Last year, we discussed the Encinitas Union School District's plan to use 30-year debt to fund iPads for 4th graders.

Well, the 30-year debt has been issued and the iPads have been purchased and distributed. Sources tell Encinitas Undercover that the iPads are a big hit with the kids, so much that many kids now prefer playing Angry Birds over playground games and social interaction with their peers.

And in today's LA Times, columnist Michael Hiltzik discusses the technology scam.
"The media you use make no difference at all to learning," says Richard E. Clark, director of the Center for Cognitive Technology at USC. "Not one dang bit. And the evidence has been around for more than 50 years."

Almost every generation has been subjected in its formative years to some "groundbreaking" pedagogical technology. In the '60s and '70s, "instructional TV was going to revolutionize everything," recalls Thomas C. Reeves, an instructional technology expert at the University of Georgia. "But the notion that a good teacher would be just as effective on videotape is not the case."

Many would-be educational innovators treat technology as an end-all and be-all, making no effort to figure out how to integrate it into the classroom. "Computers, in and of themselves, do very little to aid learning," Gavriel Salomon of the University of Haifa and David Perkins of Harvard observed in 1996. Placing them in the classroom "does not automatically inspire teachers to rethink their teaching or students to adopt new modes of learning."
Click on over to read the whole thing, but it comes down to two points:

1) It's the content and the teacher that matter, not the medium. Better a good teacher with a chalkboard than a program on an iPad.

2) Technology purchases are pushed by the corporations like Apple who profit from them.

Encinitas homeowners who just got 30 years of debt to pay off, you've been had.
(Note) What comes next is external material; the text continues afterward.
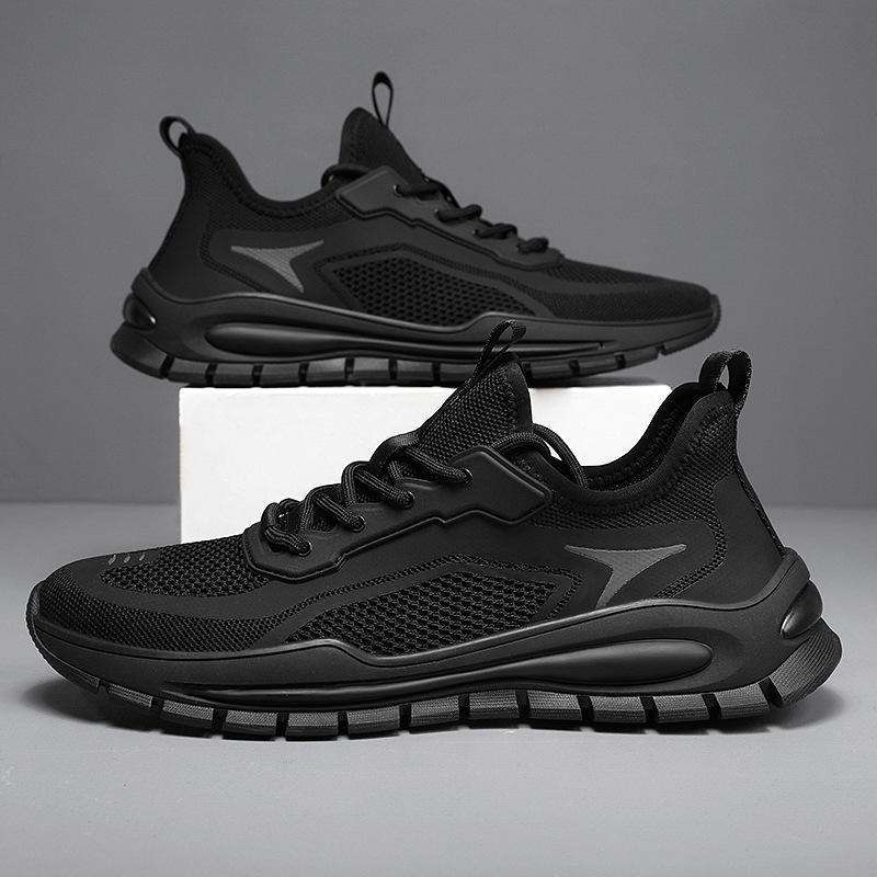 รองเท้ากีฬาผู้ชายสีพื้นสำหรับฤดูร้อน ผ้าตาข่ายบาง ระบายอากาศได้ดี กันลื่น สีดำ

Wednesday, February 1, 2012

Radiation leak at San Onofre

After Fukushima, I'm not so comfortable having that thing just up the coast. You know they're storing dangerous spent fuel rods there because the politicians can't agree to put them deep underground in Nevada?

Here's the latest:
After an unplanned, precautionary shutdown of a reactor at the San Onofre nuclear plant Tuesday, a plant spokesman said Wednesday that a possible leak in one of the reactor’s steam generator tubes could have resulted in a tiny release of radioactive material into the atmosphere.

[...]

While the nuclear operator – Southern California Edison – says that only a tiny amount was released, and would pose no health problems, that’s what operators always say after a nuclear accident.